Un spécialistedu management de crise
Dans ce redressement, j'ai été accompagné par un spécialiste des entreprises en difficultés dans le domaine industriel. Le regard extérieur de Francis Pozas, un professionnel rompu à ces techniques m'a permis de prendre de la distance. Il connaît bien le secteur de l'automobile et a déjà travaillé auprès de trois grands constructeurs automobiles. Durisotti est la 27e entreprise qu'il a aidée à redresser. Je l'ai contacté après huit mois de redressement judiciaire. Son regard m'a permis d'y voir plus clair, nous avons travaillé ensemble de novembre 2012 jusqu'à la sortie de la procédure RJ en juillet. Quand on a la tête dans le guidon, qu'il faut traiter à la fois le côté humain et la production, ce n'est pas évident de trouver une sortie de crise. Avec l'intervention de Francis Pozas, j'ai pu présenter à l'administration et au tribunal un plan de projet en interne qui a été accepté.
103 licenciements
Pour en arriver là, j'ai dû supprimer 103 postes. Il a donc fallu repenser l'organisation de l'entreprise. Certains ateliers ont été rassemblés, c'est le cas de l'atelier de finition en sortie de ligne qui a été supprimé.

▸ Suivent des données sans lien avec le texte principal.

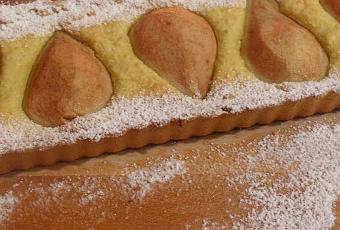 Comenzamos por la masa quebrada, cogemos un bol y añadimos la mantequilla muy fría en daditos. Añadimos la harina, el azúcar, las almendras, la pizca de sal y con la mano bien limpia vamos mezclando sin amasar demasiado, solo que se integren bien los ingredientes. Este punto estará listo cuando queden como migas de pan, añadimos el huevo batido en este momento y un chorrito muy pequeñito de amaretto. Volver a mezclar los ingredientes y formar una bola, salvo si pega en las manos, en este caso añadir un pelin mas de harina. Introducir en la nevera de 30-40 minutos envuelta en film. Pasado este tiempo precalentamos el horno a 180ºC, estiramos la masa en una superficie enharinada y la colocamos sobre el molde. Recomendamos uno alargado como el de la foto y desmontable. Cortamos los sobrante y damos forma a los bordes con el mango redondo de una cuchara de madera. En este caso no se hornea previamente la masa. Para la crema, cogemos un bol y añadimos mantequilla a punto pomada, el azúcar, la almendra, la harina, el huevo y el amaretto. Con una cuchara de madera mezclamos todo hasta que nos quede como una crema. Incorporamos sobre la masa y extendemos con ayuda de una espátula haciendo que llegue a todas las esquinas. Pelamos las peras, las abrimos por la mitad y las descorazonamos. Colocamos las mitades de la peras alternando la posición como se ve en la imagen, presionamos la pera para que se hunda un poco en la crema. Hornear 40-45 minutos a 180ºC retirar y una vez fría decorar con azúcar glass.
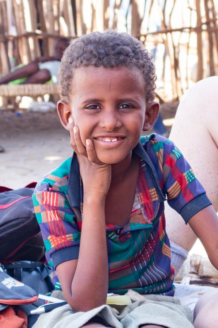 Cela nous fait penser à Yellowstone. On revient au camp à 13h45 pour déjeuner : lentilles, riz, oranges. On refait nos sacs en vu du départ de demain. Un petit garçon, Amin, vient discuter avec Étienne.
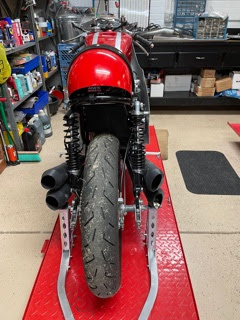 When I last posted I was hoping to make the AHRMA Daytona race in January. The injury to my finger (torn tendon) took much longer to heal than anticipated and Daytona was a no go. Over the winter I decided it was time to upgrade my front brake. The Grimeca I was using has been less than adequate, fading after a couple heavy braking corners and causing me to give away too much ground. Went with a 250mm Fontana which I bought from John Clarjis. The Fontana is a magnesium alloy versus the aluminum Grimeca. So the Fontana is both bigger and two pounds lighter.
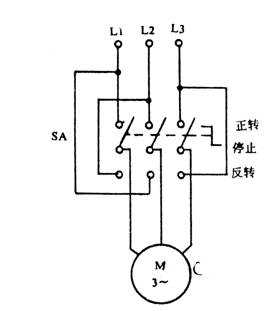 電動機處于正轉(zhuǎn)狀態(tài)時,欲使之反轉(zhuǎn),必須把手柄扳到“停止”位置,先使電動機停轉(zhuǎn),然后再把手柄扳至“反轉(zhuǎn)”位置。如直接由“正轉(zhuǎn)”扳至“反轉(zhuǎn)”,因電源突然反接,會產(chǎn)生很大的沖擊電流,燒壞轉(zhuǎn)換開關(guān)和電動機定子繞組。
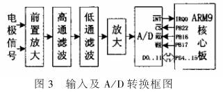 檢(jian)測輸(shu)入模(mo)塊包(bao)括差(cha)分測(ce)量放(fang)大器(qi)、低通(tong)和高(gao)通濾(lü)波器(qi)、增益(yi)放大(da)器以(yi)及A/D轉(zhuan)換電(dian)路,如(ru)圖3所(suo)示。圖(tu)3輸入(ru)及A/D轉(zhuan)換框(kuang)圖。
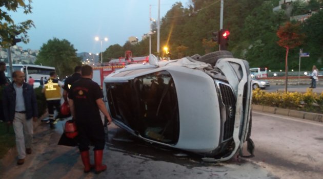 İşaret levhasına çarpan araç takla attı: 1 yaralı
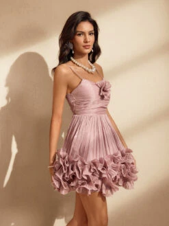 The Naiya Spaghetti Flower Ruffle Mini Dress combines delicate floral patterns with playful ruffle details for a fresh, feminine look. Its lightweight fabric and spaghetti straps offer comfort and ease, perfect for warm days or special occasions. This mini dress effortlessly enhances your style with a flattering silhouette that moves gracefully, making it an ideal choice to turn heads wherever you go. Embrace elegance and charm in one stunning piece.

La finition est maintenant répartie et gérée dans chacun des ateliers en amont. On a demandé plus de polyvalence à nos équipes. La plus grande responsabilité des salariés a permis plus d'encadrement, des circuits plus courts et moins cloisonnés. Prenons l'exemple du contrôle qualité : avant on pouvait entendre des choses comme « ils nettoieront après », aujourd'hui les salariés évitent de salir et gagnent en qualité sur chacun des postes. Depuis ces modifications, on ressent plus de motivation dans nos équipes : avec les changements de poste, certains ont gagné en grade. J'ai aussi entamé un plan de formation diplômante pour 20 à 30 de mes salariés.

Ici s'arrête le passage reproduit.